Your instructions: If pictures appear in the lines below, skip them and copy exactly the lines from the one containing "En la nueva" through the one containing "來自陽光充足的花東縱谷,完全", and nothing else.

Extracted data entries

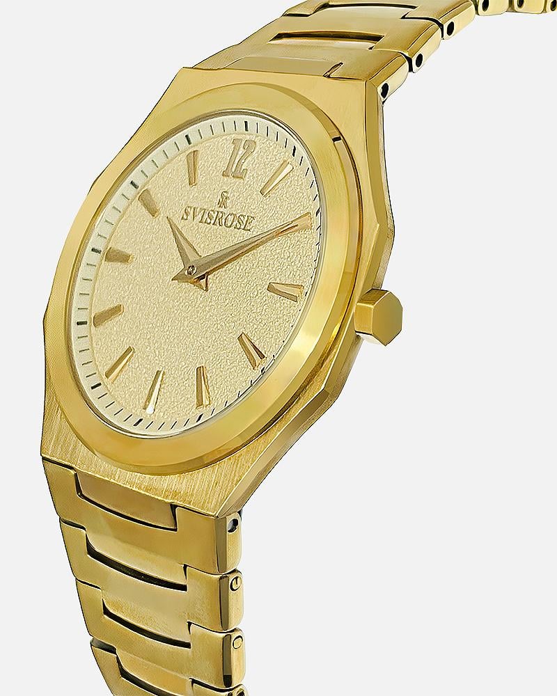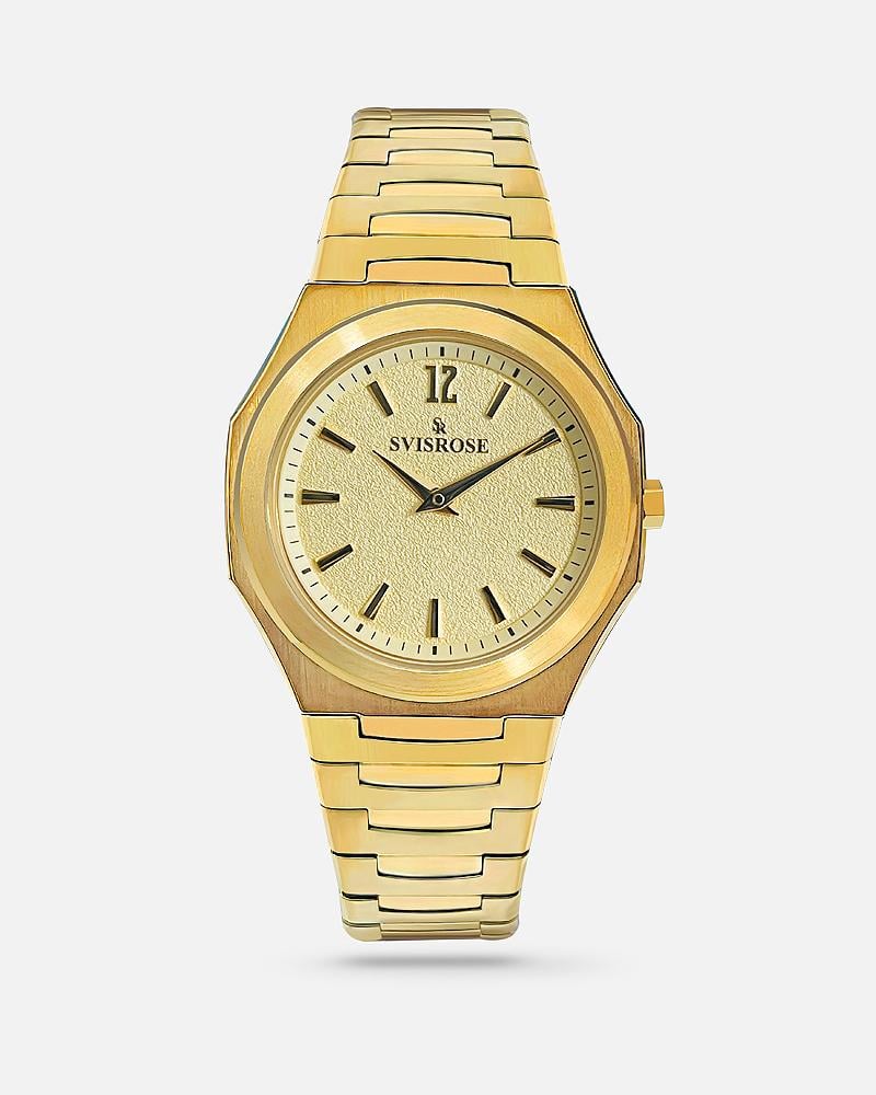 تعد ساعة رجالية ستيل بلون ذهبي من "سفيسروز" خيارًا مثاليًا للرجل الذي يقدر الأناقة والعملية. مع هيكلها خليط زنك بجودة عالية وسير الستانلس ستيل المتين، تأتي الساعة بلون ذهبي رائع يضيف إليها لمسة من الفخامة العصرية. المينا الذهبي الناعم يوفر لك تجربة مشاهدة الوقت بطريقة مريحة وأنيقة، مما يجعل هذه الساعة الاختيار المثالي لكل مناسبة.
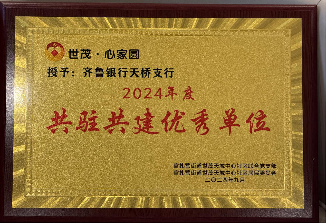 济南天桥支行以金融专业优势为抓手,助力社区经济发展。该行与社区紧密相连,通过提供金融服务、普及金融知识、推动社区经济发展以及参与社区建设等一系列举措,深入了解小微企业经营特点与资金需求规律,创新推出了一系列丰富多样的金融产品,支行派驻客户经理为社区内企业提供“一对一”服务,帮助他们解决融资难题,提升经营管理水平,实现快速健康发展。该行荣获官扎营街道世茂天城中心社区“2024年度共驻共建优秀单位”称号。
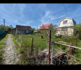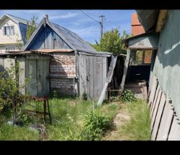 Участок 5.87 сот. На участке два домика, один жилой (жёлтый). Есть старая баня. Туалет на веранде. Участок угловой, квадратный, идеально подходит для строительства новой дачи. Есть небольшой перепад по высоте, т.к. изначально было два участка по 2.9 сот.
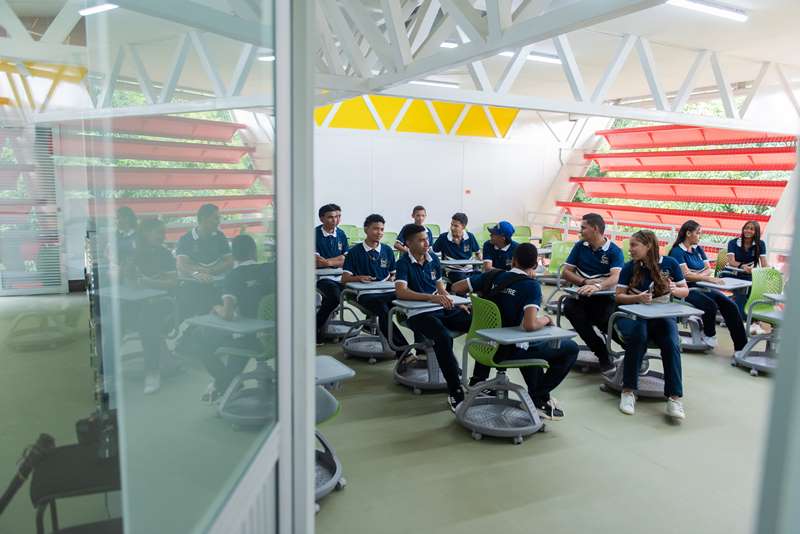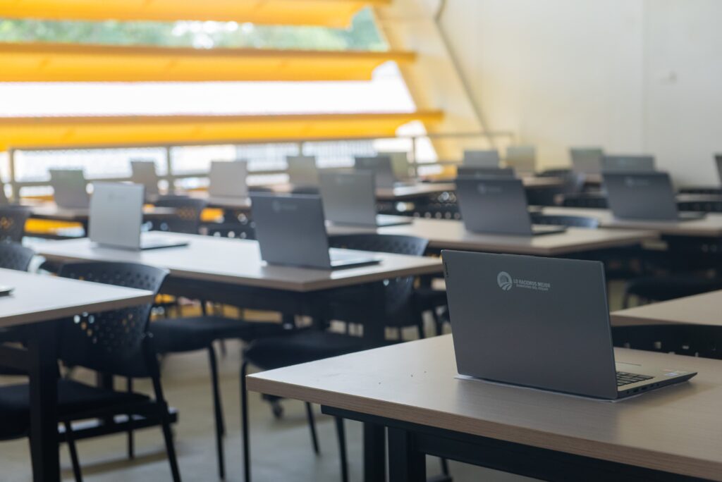 La infraestructura de 8 aulas y un área polivalente cuenta con dotación completa, mobiliario moderno, rack de 40 computadores, dos pantallas táctiles, ascensor para estudiantes con movilidad reducida, baterías sanitarias en ambos pisos y zonas de esparcimiento con mesas de ping pong y futbolín.
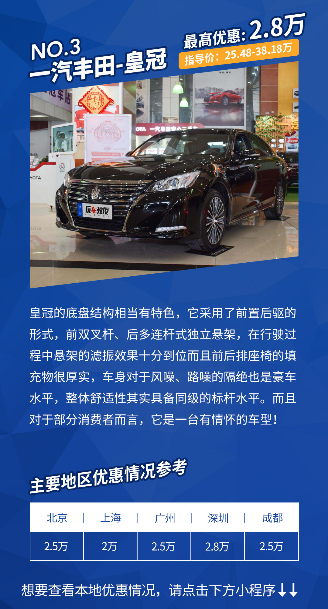 适合人群:高度认可丰田皇冠可靠品质、豪华质感、行驶舒适性的家庭用户。
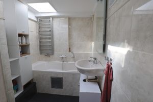 Achter de keuken via een tweede halletje komen we bij het separate toilet en de badkamer met ligbad, douchehoek, wastafel met grote spiegel, en voldoende kastruimte. Alles in mooie lichte kleur betegeld.
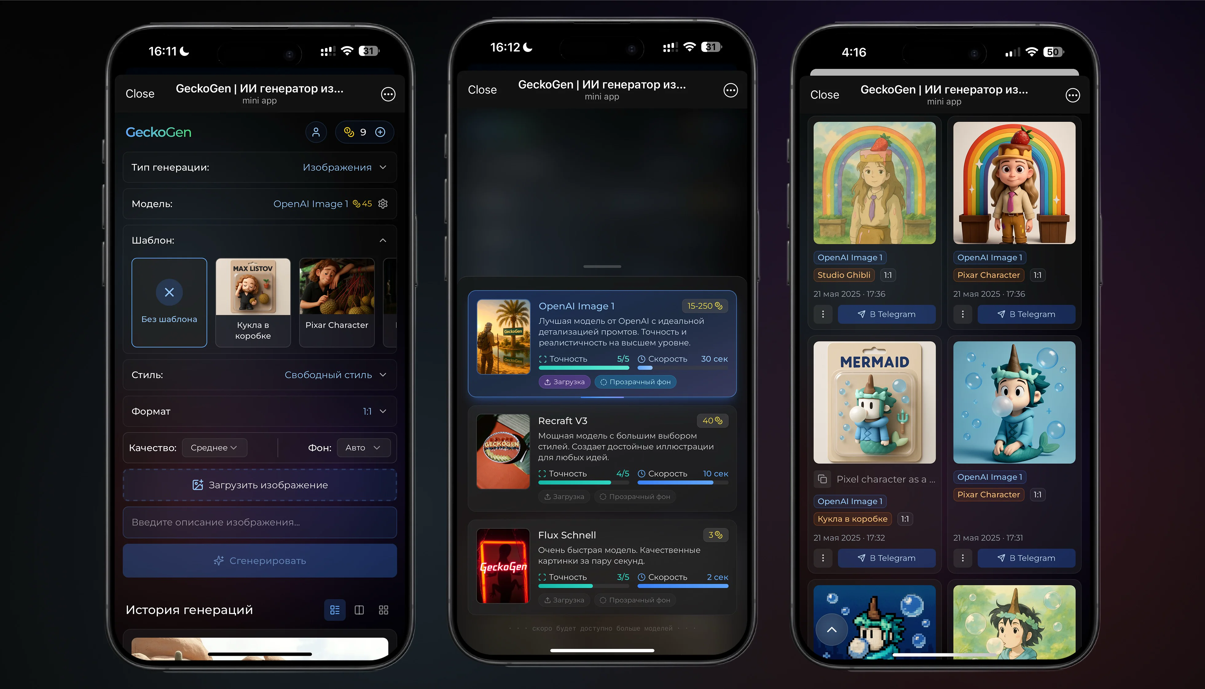 - Три модели для генерации изображений: Recraft V3, Flux Schnell и OpenAI Image 1
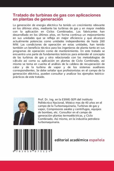 La generación de energía eléctrica ha tenido un crecimiento relevante en los últimos años, mediante las turbinas de gas y en mayor medida con la aplicación en Ciclos Combinados. Los fabricantes han desarrollado en los últimos años, en forma continua un mejoramiento en sus unidades que se refleja en mejor eficiencia y que alcanzan actualmente potencias como unidades independientes de hasta 260 MW. Las condiciones de operación en estas unidades, han tenido también un beneficio técnico para los ingenieros de planta tanto en sus programas de operación como de mantenimiento. En este tratado se encuentra una parte de fundamentos teóricos para entender el concepto de las turbinas de gas y otra relacionada con las metodologías de cálculo así como su aplicación en plantas de Ciclo Combinado, así mismo se toma en cuenta el análisis de la caldera de recuperación de calor y de la turbina de vapor y de los sistemas auxiliares correspondientes. Se debe señalar que profesionistas en el campo de la generación eléctrica, pueden consultar y analizar los ejemplos teórico-prácticos de este tratado.
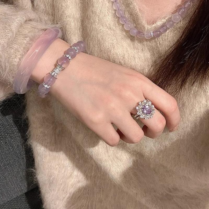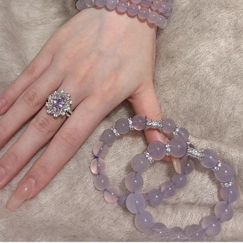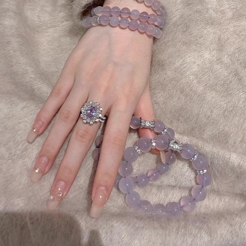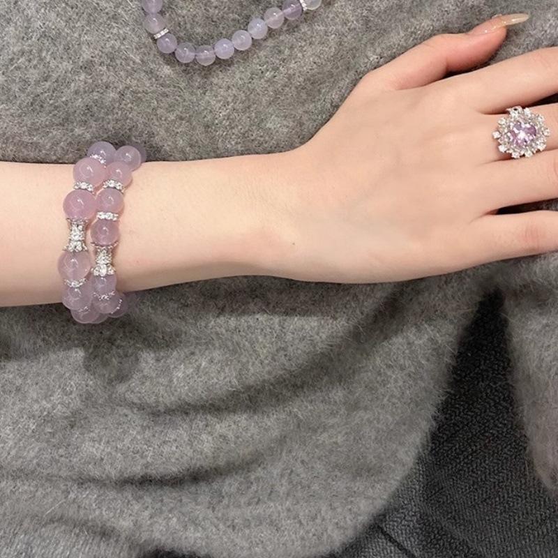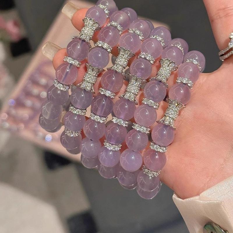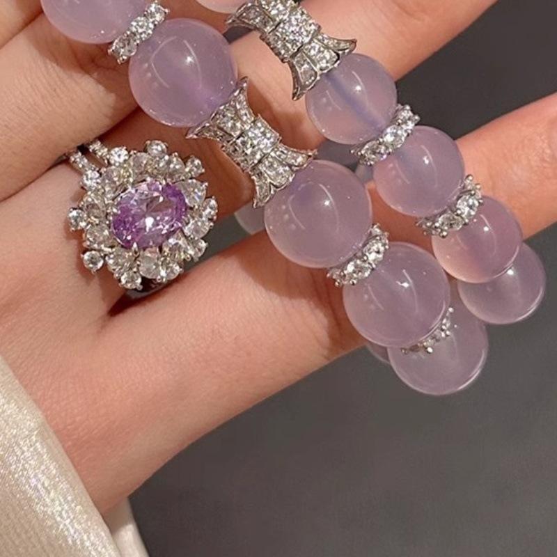 En la nueva pulsera de calcedonia morada para mujer, pulsera color esmeralda violeta, estilo étnico, para enviar a novias
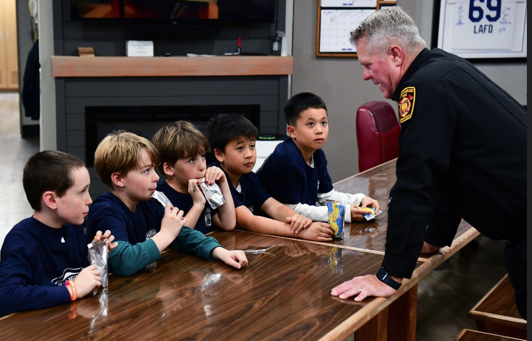 “Men, you’re now part of the fire department. Training begins immediately,” Capt. Brown seems to be saying to the birthday boy and his friends.
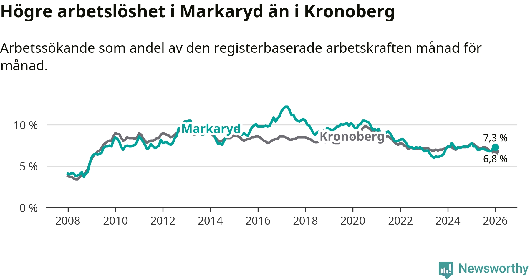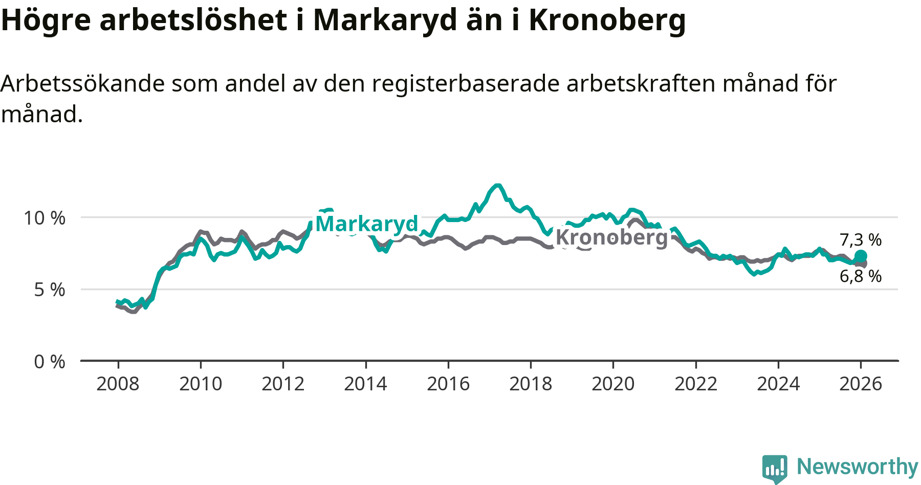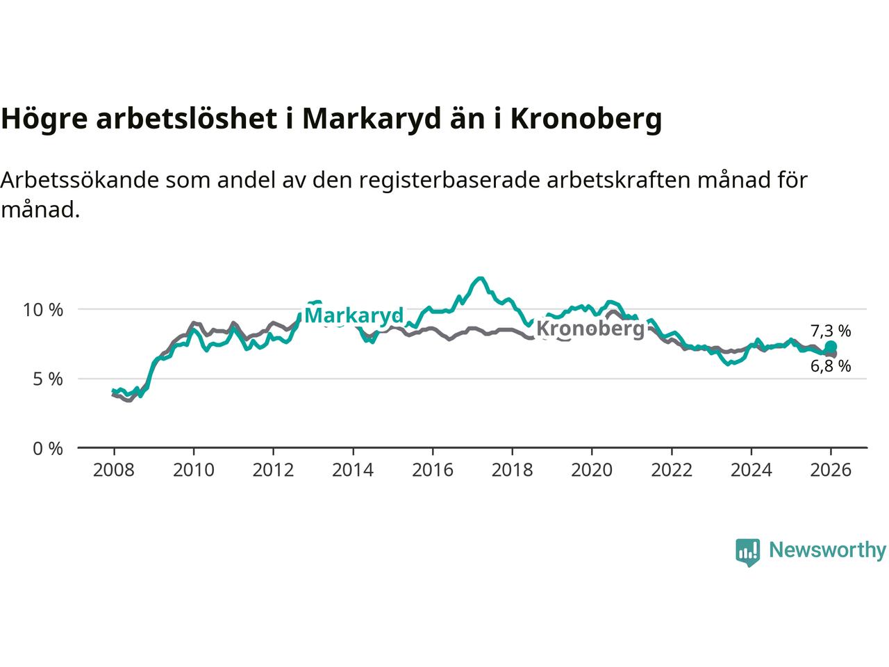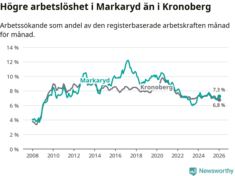 Graf: Arbetslöshet i Markaryds kommun och Kronobergs län
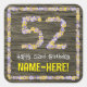 52nd Birthday: Floral Number, Faux Wood Look, Name Square Sticker
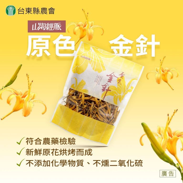 來自陽光充足的花東縱谷,完全不含二氧化硫的安全金針,雖然沒有傳統加工金針艷麗的外表,但卻有獨特的金針香味與清甜,只需清洗乾淨,不用浸泡,烹調超簡便。
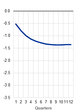 In the model, the transmission of the exchange rate shock operates primarily through the effects on trade deflators, which in turn influence export and import volumes. The appreciation makes euro area exports more expensive on international markets, reducing export volumes. At the same time, the appreciation also lowers the price of imports, dampening domestic inflationary pressures. Overall, imports decline despite the reduction in import prices as the demand drag dominates, with both private consumption and investment decreasing: consumption falls as economic activity contracts and labour demand slows. Investment declines as higher real interest rates and the appreciation’s disinflationary effects take hold. The resulting drop in the relative price of investment goods further suppresses investment, especially in externally exposed sectors.
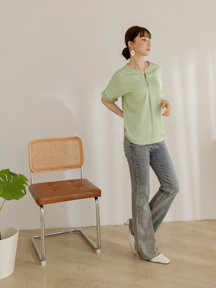 OB嚴選 不易皺V領打褶造型短袖上衣 《AB20357》
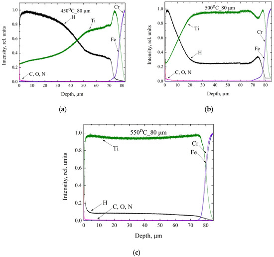 Distribution of elements in the 80 µm Ti coating during hydrogenation at different temperatures: 450 °C (a), 500 °C (b), and 550 °C (c).
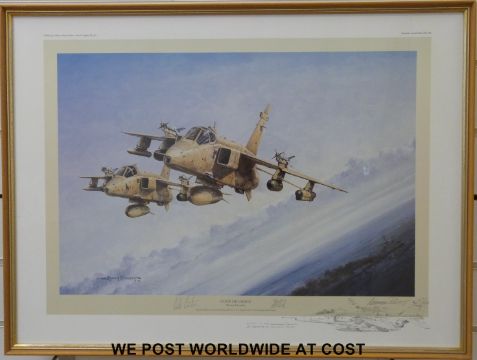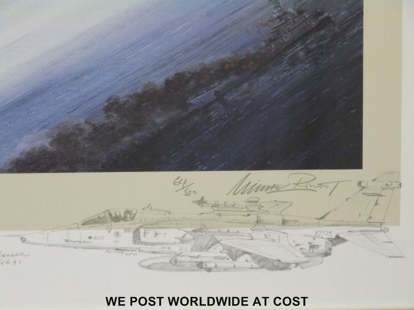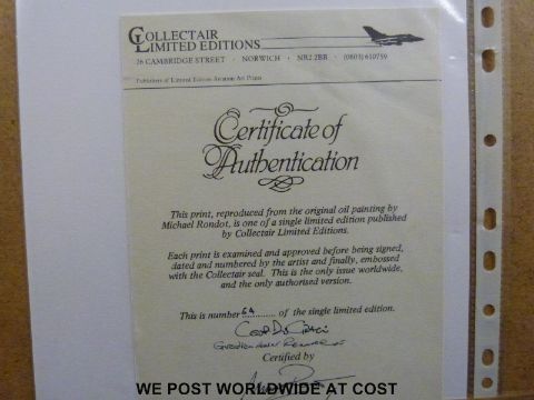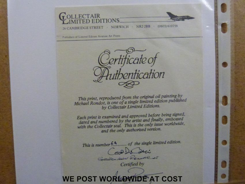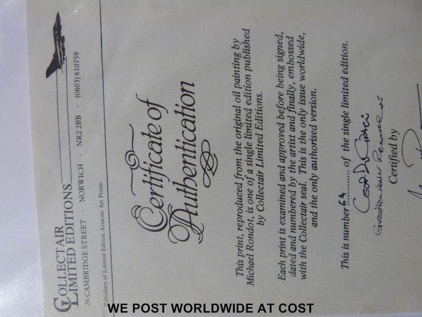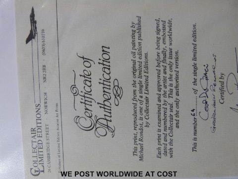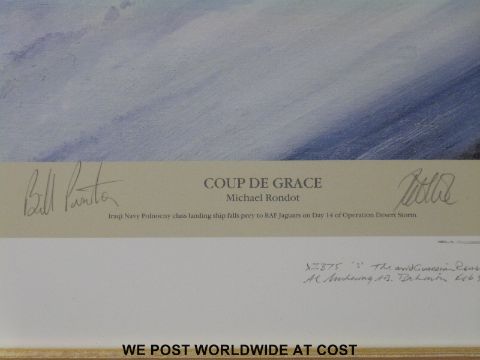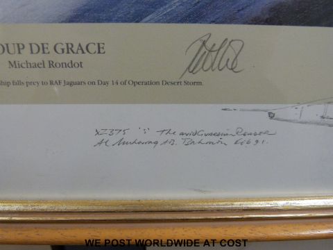 Michael Rondon signed limited edition (64/500) print 'Coup de Grace' with pencil vignette lower right and signatures of the pilots, certificate verso (39 x 52cm)

Task solution:
 En la nueva pulsera de calcedonia morada para mujer, pulsera color esmeralda violeta, estilo étnico, para enviar a novias
 “Men, you’re now part of the fire department. Training begins immediately,” Capt. Brown seems to be saying to the birthday boy and his friends.
 Graf: Arbetslöshet i Markaryds kommun och Kronobergs län
 52nd Birthday: Floral Number, Faux Wood Look, Name Square Sticker
 來自陽光充足的花東縱谷,完全不含二氧化硫的安全金針,雖然沒有傳統加工金針艷麗的外表,但卻有獨特的金針香味與清甜,只需清洗乾淨,不用浸泡,烹調超簡便。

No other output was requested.